1. A single `=` sign is the assignment operator. For the logical operator "equals to" we need to use the double equal sign `==`:

In [None]:
for beatle in beatles:
  if beatle == "Ringo Starr":
    for n in numbers:
      print(f"I love {beatle}!")
  if beatle != "Ringo Starr":
    print(f"I hate {beatle}!")
      print("\n")

2. The `print("\n")` statement needs to be properly indented.

In [None]:
for beatle in beatles:
  if beatle == "Ringo Starr":
    for n in numbers:
      print(f"I love {beatle}!")
  if beatle != "Ringo Starr":
    for n in numbers:
      print(f"I hate {beatle}!")
  print("\n")

3. We want to iterate through `numbers` first, and then through `beatles`.

In [None]:
for n in numbers:
  for beatle in beatles:
    if beatle == "Ringo Starr":
        print(f"I love {beatle}!")
    if beatle != "Ringo Starr":
      print(f"I hate {beatle}!")
  print("\n")

4. Optionally, we can replace `if beatle != "Ringo Starr":` with `else`. It will make our code simpler and more elegant:

In [None]:
for n in numbers:
  for beatle in beatles:
    if beatle == "Ringo Starr":
        print(f"I love {beatle}!")
    else:
      print(f"I hate {beatle}!")
  print("\n")

## Exercise 3:

In [None]:
top_profitable_films = pd.DataFrame(top_profitable_films)
top_profitable_films.head

1. We have not imported pandas yet, hence the NameError for `pd`.



In [None]:
import pandas as pd
top_profitable_films = pd.DataFrame(top_profitable_films)
top_profitable_films.head

2. It is not a good practice to overwrite the variable of the original dataset when creating a new version of it. We want to preserve the dictionary `top_profitable_films`.

In [None]:
import pandas as pd
top_films_df = pd.DataFrame(top_profitable_films)
top_films_df.head

3. `head()` is a method, and therefore needs the parentheses.


In [None]:
import pandas as pd
top_films_df = pd.DataFrame(top_profitable_films)
top_films_df.head()

## Exercise 4:

In [None]:
top_films_df[top_films_df["Film"]=="Avatar"]["Year"] = "2009"

**Solution:**

In general, when selecting data from a DataFrame, and ALWAYS when overwriting data from it, use `.loc[]` instead of simple `[]`.

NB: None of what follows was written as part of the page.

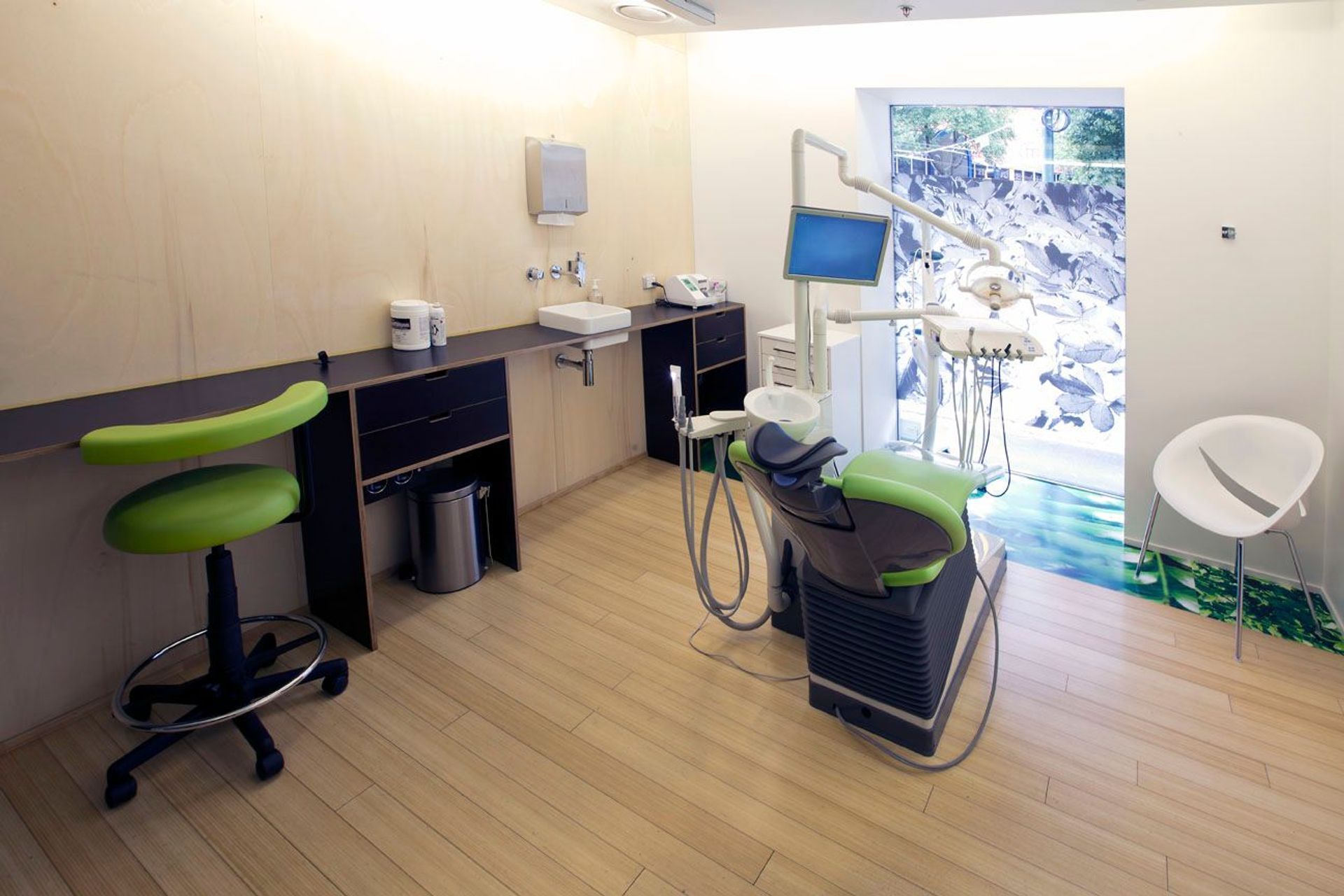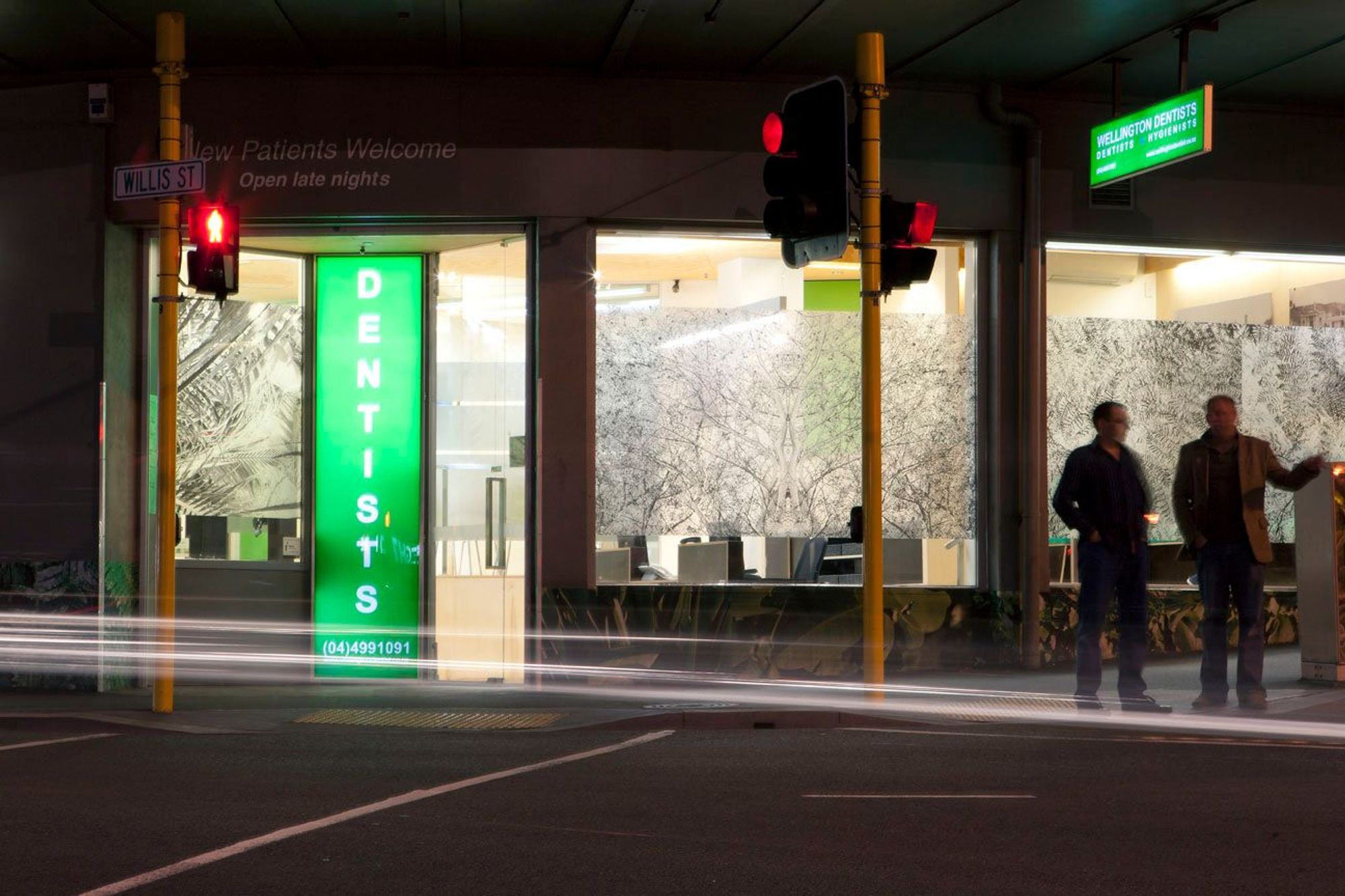 ArchiPro Project Summary - Innovative street front dental surgery in New Zealand, designed to create a stimulating environment for both staff and patients, featuring extensive graphic elements that provide street views while ensuring privacy.

When fixing the infamous `A value is trying to be set on a copy of a slice from a DataFrame.` error, it's better to have a fresh start, so create the dataframe again.

In [None]:
top_profitable_films = pd.DataFrame(top_profitable_films)

top_films_df.loc[top_films_df["Film"]=="Avatar", "Year"] = "2009"

In [None]:
top_films_df.head(2)

## Exercise 5:

We want to get the average gross profit of all films:

In [None]:
top_films_df["Worldwide Gross (in billions)"].avg()

**Solution:**

1. The `AttributeError: 'Series' object has no attribute 'avg'` tells us that the method we have used does not exist for a Pandas column (which is a Series). A quick google shows us that the method we need is `mean()`:

In [None]:
top_films_df["Worldwide Gross (in billions)"].mean()

2. The `TypeError` and the message `Could not convert 2.7982.7892.1942.0731.6731.6561.5191.4501.2761.263 to numeric` we understand that these numbers don't have a numeric data type, which does not allow Pandas to compute their mean. Let's change it:

In [None]:
top_films_df.loc[:, "Worldwide Gross (in billions)"] = pd.to_numeric(top_films_df.loc[:, "Worldwide Gross (in billions)"])
top_films_df["Worldwide Gross (in billions)"].mean()